(Records from a collection)
-*-*-

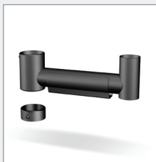
Swingarm peripheral SPV2101
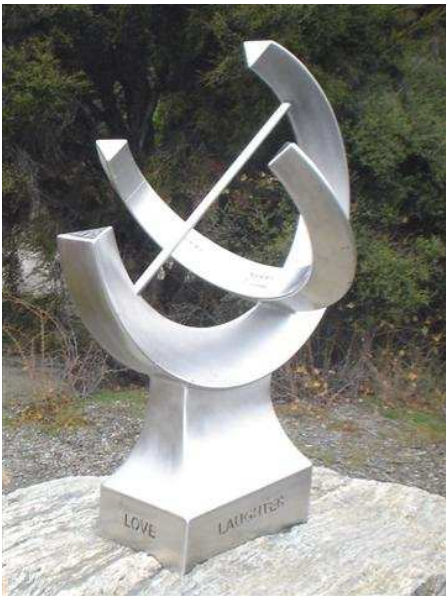
Stainless steel sphere as seen in Wanaka, NZ

OUR ARMILLARY CELESTIAL SPHERES ARE ORNAMENTAL SUN DIALS WHICH CAN ALSO BE MANUFACTURED WITH PEDESTALS.
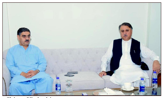
affairs of Balochistan. The overall situation of law and order was also discussed during the meeting.

During the course of meeting, the Governor discussed with the caretaker Prime Minister about administrative
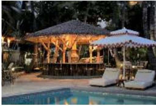
Swing away the day at the Hey Day Pool Bar from 12 p.m. to 8 p.m.

One of the more dramatic refreshes comes from the White Sands Hotel . Originally built in 1957, it's one of the last vintage walk-up

-*-*-

◆ **DESCRIPTION OF THE TASK**
From the line containing "Stainless steel sphere as seen in Wanaka, NZ" down to the last line of the records above, repeat every line exactly and nothing else, dropping any pictures.

◆ **RESULT**
Stainless steel sphere as seen in Wanaka, NZ

OUR ARMILLARY CELESTIAL SPHERES ARE ORNAMENTAL SUN DIALS WHICH CAN ALSO BE MANUFACTURED WITH PEDESTALS.
affairs of Balochistan. The overall situation of law and order was also discussed during the meeting.

During the course of meeting, the Governor discussed with the caretaker Prime Minister about administrative
Swing away the day at the Hey Day Pool Bar from 12 p.m. to 8 p.m.

One of the more dramatic refreshes comes from the White Sands Hotel . Originally built in 1957, it's one of the last vintage walk-up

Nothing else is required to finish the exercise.